How do you harvest losses with mutual funds? ›

The three steps in the tax-loss harvesting process are: 1) Sell securities that have lost value; 2) Use the capital loss to offset capital gains on other sales; 3) Replace the exited investments with similar (but not too similar) investments to maintain the desired investment exposure.

What is the 7/5/3-1 rule in mutual funds? ›

The 7-5-3-1 rule is a comprehensive strategy for maximising the benefits of Systematic Investment Plans (SIPs) in equity mutual funds. This rule emphasises the importance of investment tenure, diversification, mental fortitude, and incremental growth in SIP amounts.

What is the 80% rule for mutual funds? ›

The Names Rule requires that if a Fund's name suggests that the Fund invests in a particular type of investment or investments, or in investments in a particular industry, group of industries, countries, or regions, then such Fund must adopt a policy to invest at least 80 percent of the value of its assets2 in such ...

What if I invest $10,000 in mutual funds for 10 years? ›

Mutual fund calculator

It has given 25.96 % annualised returns in ten years. The calculator shows that a monthly SIP of ₹10,000 in this fund could have grown to approx. ₹57,53,702 in ten years. The mutual fund calculator shows how a lumpsum investment of 1 lakh grew more than five times in ten years.

Can my mutual fund go to zero? ›

So, such things can happen but your investments can't fall to zero. Turning to zero generally happens when you gave your money to somebody and he/she took out all the money from the bank and put it in a gunny bag and walked away. Now, this cannot happen in a mutual fund.

When should you exit mutual fund? ›

When changes occur to a Mutual Fund's investment style, portfolio, scheme construct, etc. it might no longer fit your investment goals. In such cases, it might be a good idea to exit the scheme in favor of a scheme that is more in line with your investment goals.

When should you cash out a mutual fund? ›

This decision solely depends on your goals as an investor. Investors can redeem mutual funds in order to liquidate cash for short term goals like buying a car, or going for a vacation or long term goals like investing in real estate, child's education/marriage, retirement, etc.

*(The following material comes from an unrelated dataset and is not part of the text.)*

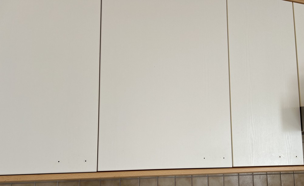 Anschließend habe ich alle Griffe abgeschraubt, damit ich eine glatte Fläche zum Putzen habe. Die Griff kamen gleich in eine Seifenlauge, das spart Zeit. Später muss ich sie (fast) nur noch abspülen und trocken reiben.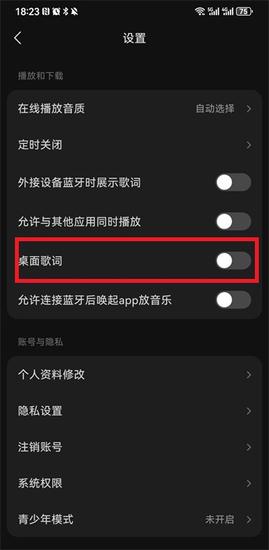 3、在设置功能之中,我们就可以看到【桌面歌词】点击打开按钮就可以开启桌面歌词显示;

Should I get out of mutual funds now? ›

However, if you have noticed significantly poor performance over the last two or more years, it may be time to cut your losses and move on. To help your decision, compare the fund's performance to a suitable benchmark or to similar funds. Exceptionally poor comparative performance should be a signal to sell the fund.

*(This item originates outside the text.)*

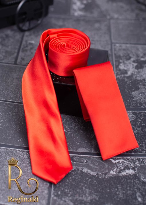 Cravata barbateasca rosie cu batista, subtire – CV350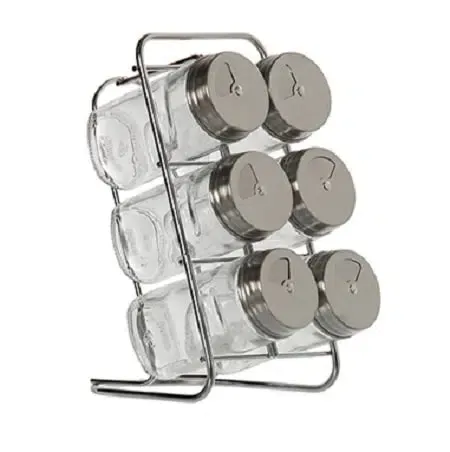 Set dee 6 especieros en cristal con tapa de acero inox.Soporte en metal cromado.Medidas 9.5x14x18cm.Medidas bote 4dx9.5cm.Estilo moderno

What is the biggest problem with mutual funds? ›

Disadvantages include high fees, tax inefficiency, poor trade execution, and the potential for management abuses.

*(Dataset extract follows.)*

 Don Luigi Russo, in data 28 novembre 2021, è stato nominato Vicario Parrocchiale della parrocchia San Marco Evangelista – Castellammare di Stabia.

How long should you keep money in a mutual fund? ›

The rule of thumb is five years. If it's a riskier type of fund, such as a small-cap one, then I would say, seven years. But a better approach would be to link your equity fund to a long-term goal, such as your retirement and children's higher education.

Should I sell mutual funds at a loss? ›

If your fund has suffered significant capital losses and you need a tax break to offset realized capital gains of your other investments, you may want to redeem your mutual fund units in order to apply the capital loss to your capital gains.

Should I cash out my mutual funds? ›

If you have money in mutual funds, using some of it to pay off debt, especially debt with high interest rates, might seem like an attractive option. But cashing in your mutual funds isn't always the best way to become debt-free, and, depending on how you hold those funds, you could end up with a big tax bill.

What to do with underperforming mutual funds? ›

It is generally recommended to exit a poorly performing mutual fund if it has consistently underperformed its benchmark over a sustained period of time, typically 1-2 years. Investors should also consider the reasons for the poor performance and evaluate if those issues are likely to persist in the future.

Is loss on mutual fund taxable? ›

You have to pay tax on mutual funds if you have earned dividends or booked capital gains in a financial year. If there is no income, you are not required to pay any taxes. Please note that you need to pay taxes only when you book your gains. Unbooked portfolio gains invite no tax.